## WHAT TO PRODUCE
What needs reproducing is the run of lines in the data below starting at the line with "Bij de bijenhal" and ending at the line with "A.黑子活动的高峰年,地球上的气候状况相对稳定", both ends included. Copy it exactly, without pictures, and add nothing.

## GIVEN RECORDS
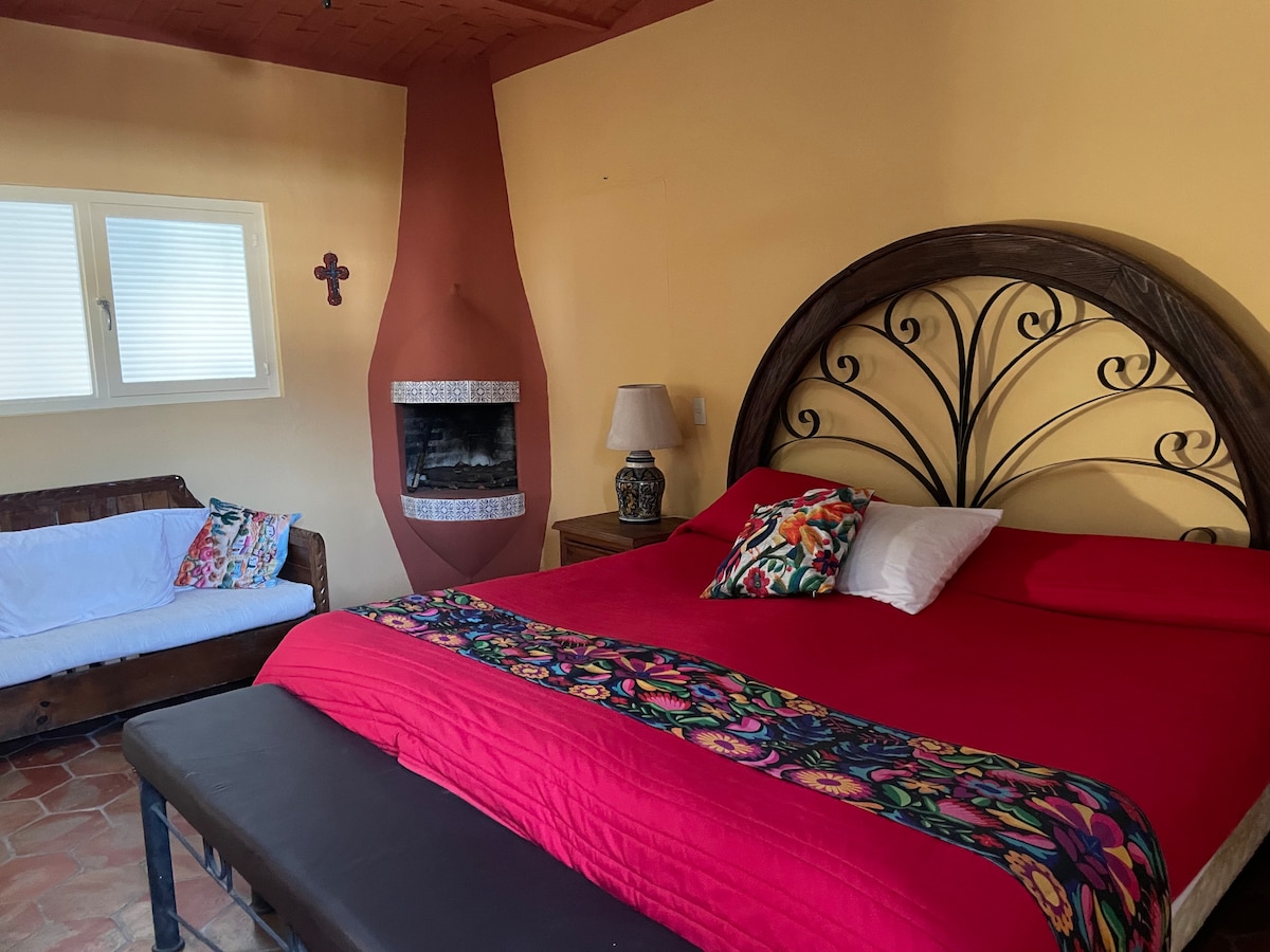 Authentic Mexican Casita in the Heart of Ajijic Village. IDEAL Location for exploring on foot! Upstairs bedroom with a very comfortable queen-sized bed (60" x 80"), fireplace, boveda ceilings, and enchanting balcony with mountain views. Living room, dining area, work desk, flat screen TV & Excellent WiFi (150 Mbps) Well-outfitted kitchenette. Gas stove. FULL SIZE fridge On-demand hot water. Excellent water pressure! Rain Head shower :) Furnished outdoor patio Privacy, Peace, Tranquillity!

--

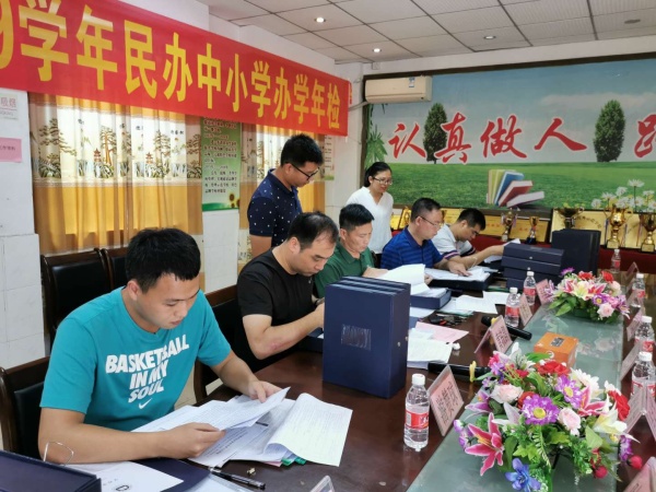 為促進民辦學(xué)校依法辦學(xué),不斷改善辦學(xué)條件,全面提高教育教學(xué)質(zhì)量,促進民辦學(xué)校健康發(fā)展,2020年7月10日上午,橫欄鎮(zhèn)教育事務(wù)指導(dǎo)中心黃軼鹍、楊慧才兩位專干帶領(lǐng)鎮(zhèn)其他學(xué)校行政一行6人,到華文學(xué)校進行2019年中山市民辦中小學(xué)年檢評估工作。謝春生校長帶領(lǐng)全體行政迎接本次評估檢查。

--

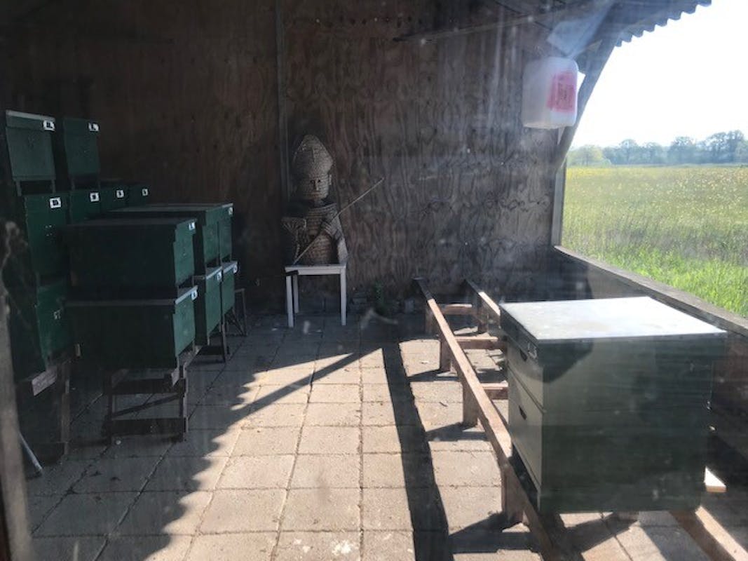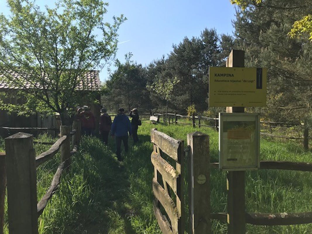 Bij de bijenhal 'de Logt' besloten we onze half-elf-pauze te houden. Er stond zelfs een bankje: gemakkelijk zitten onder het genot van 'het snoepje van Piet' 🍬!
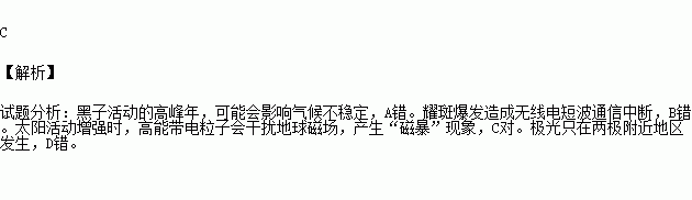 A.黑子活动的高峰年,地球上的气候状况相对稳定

## EXPECTED ANSWER
 Bij de bijenhal 'de Logt' besloten we onze half-elf-pauze te houden. Er stond zelfs een bankje: gemakkelijk zitten onder het genot van 'het snoepje van Piet' 🍬!
 A.黑子活动的高峰年,地球上的气候状况相对稳定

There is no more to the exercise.